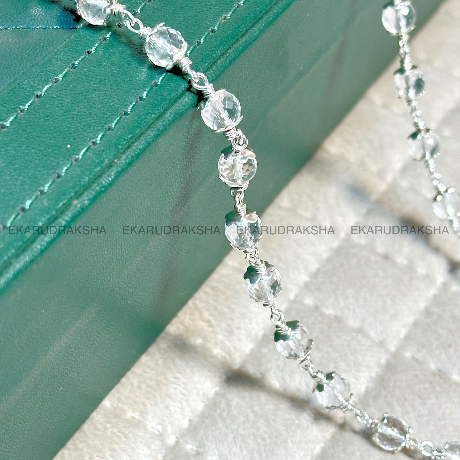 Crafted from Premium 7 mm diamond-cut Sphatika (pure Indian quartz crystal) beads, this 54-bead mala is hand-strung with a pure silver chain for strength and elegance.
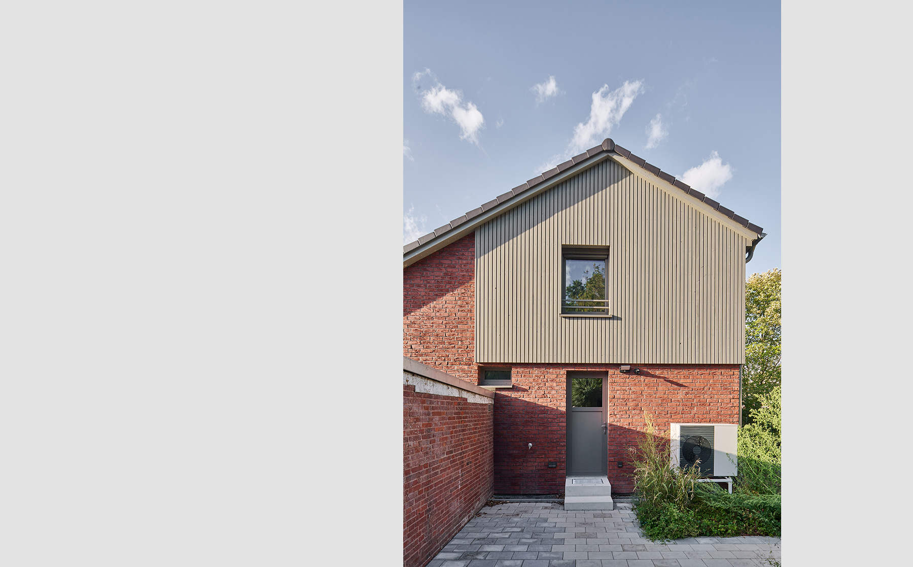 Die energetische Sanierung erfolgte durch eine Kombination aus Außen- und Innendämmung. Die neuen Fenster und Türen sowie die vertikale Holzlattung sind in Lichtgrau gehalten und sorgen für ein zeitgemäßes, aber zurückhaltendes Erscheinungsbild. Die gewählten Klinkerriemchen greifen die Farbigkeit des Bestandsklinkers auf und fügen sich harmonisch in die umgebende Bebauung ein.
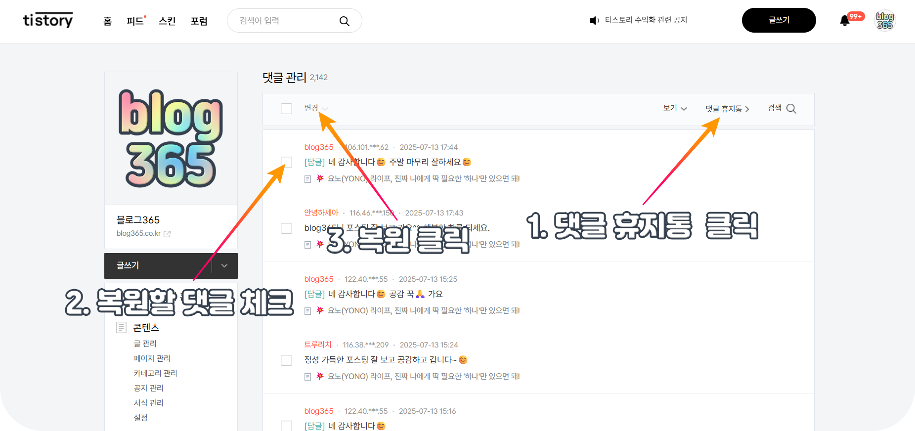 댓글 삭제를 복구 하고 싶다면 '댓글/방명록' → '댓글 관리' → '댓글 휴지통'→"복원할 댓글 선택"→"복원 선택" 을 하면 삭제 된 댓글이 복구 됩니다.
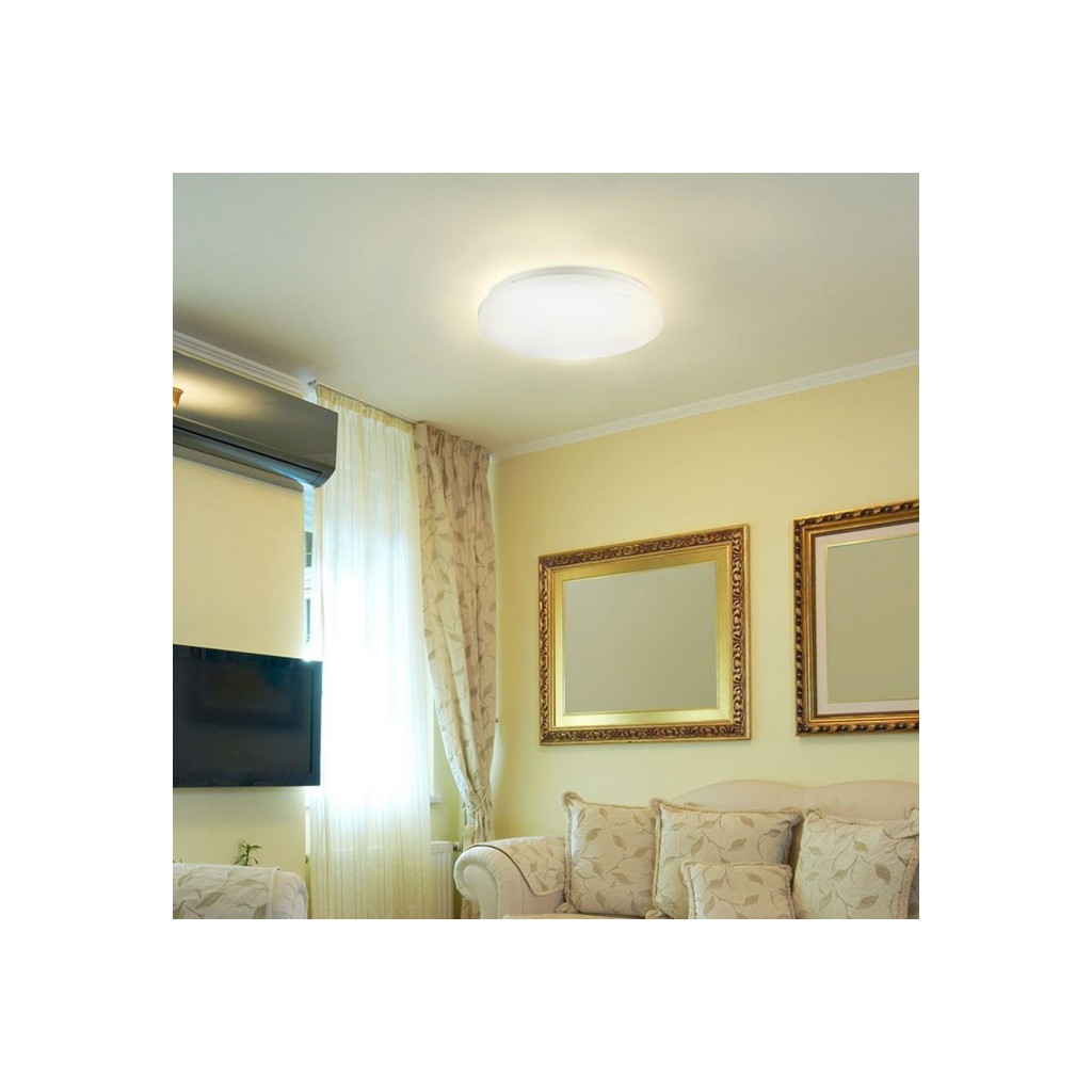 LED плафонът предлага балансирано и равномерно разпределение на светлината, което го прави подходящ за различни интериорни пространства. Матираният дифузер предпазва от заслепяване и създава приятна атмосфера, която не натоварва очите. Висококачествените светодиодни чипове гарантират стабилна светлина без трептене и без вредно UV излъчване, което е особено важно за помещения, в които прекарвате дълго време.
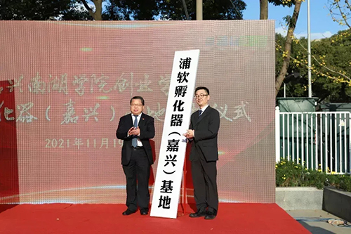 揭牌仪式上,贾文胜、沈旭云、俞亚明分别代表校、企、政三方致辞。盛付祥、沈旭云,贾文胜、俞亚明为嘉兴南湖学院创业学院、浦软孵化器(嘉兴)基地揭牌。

..............................

## Task details
Hand over the entries again, exactly as written and without the pictures.

## Response to this task
 Crafted from Premium 7 mm diamond-cut Sphatika (pure Indian quartz crystal) beads, this 54-bead mala is hand-strung with a pure silver chain for strength and elegance.
 Die energetische Sanierung erfolgte durch eine Kombination aus Außen- und Innendämmung. Die neuen Fenster und Türen sowie die vertikale Holzlattung sind in Lichtgrau gehalten und sorgen für ein zeitgemäßes, aber zurückhaltendes Erscheinungsbild. Die gewählten Klinkerriemchen greifen die Farbigkeit des Bestandsklinkers auf und fügen sich harmonisch in die umgebende Bebauung ein.
 댓글 삭제를 복구 하고 싶다면 '댓글/방명록' → '댓글 관리' → '댓글 휴지통'→"복원할 댓글 선택"→"복원 선택" 을 하면 삭제 된 댓글이 복구 됩니다.
 LED плафонът предлага балансирано и равномерно разпределение на светлината, което го прави подходящ за различни интериорни пространства. Матираният дифузер предпазва от заслепяване и създава приятна атмосфера, която не натоварва очите. Висококачествените светодиодни чипове гарантират стабилна светлина без трептене и без вредно UV излъчване, което е особено важно за помещения, в които прекарвате дълго време.
 揭牌仪式上,贾文胜、沈旭云、俞亚明分别代表校、企、政三方致辞。盛付祥、沈旭云,贾文胜、俞亚明为嘉兴南湖学院创业学院、浦软孵化器(嘉兴)基地揭牌。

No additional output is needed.